▶ TO DO
Nothing outside the range below should be printed. Output exactly the lines from the line with "Robert Lewandowski became" to the line with "아주 간간이 붉게 물든 단풍나무도 보여주니 트래킹도 재미를 더한다.", both included.
GIVEN ENTRIES START
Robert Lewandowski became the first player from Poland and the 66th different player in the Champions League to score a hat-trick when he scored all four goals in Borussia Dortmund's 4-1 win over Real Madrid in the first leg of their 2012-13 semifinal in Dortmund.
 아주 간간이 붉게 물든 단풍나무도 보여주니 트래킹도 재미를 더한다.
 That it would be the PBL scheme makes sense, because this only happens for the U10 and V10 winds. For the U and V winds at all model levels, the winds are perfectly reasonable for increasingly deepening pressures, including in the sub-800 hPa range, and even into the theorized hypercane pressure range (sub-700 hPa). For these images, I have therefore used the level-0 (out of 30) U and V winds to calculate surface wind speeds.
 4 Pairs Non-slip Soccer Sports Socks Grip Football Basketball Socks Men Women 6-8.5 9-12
GIVEN ENTRIES END
GIVEN ENTRIES START
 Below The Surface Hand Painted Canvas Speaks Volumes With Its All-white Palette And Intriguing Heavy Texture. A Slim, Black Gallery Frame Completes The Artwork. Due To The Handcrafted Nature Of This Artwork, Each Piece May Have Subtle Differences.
GIVEN ENTRIES END
▶ EXERCISE RESPONSE
Robert Lewandowski became the first player from Poland and the 66th different player in the Champions League to score a hat-trick when he scored all four goals in Borussia Dortmund's 4-1 win over Real Madrid in the first leg of their 2012-13 semifinal in Dortmund.
 아주 간간이 붉게 물든 단풍나무도 보여주니 트래킹도 재미를 더한다.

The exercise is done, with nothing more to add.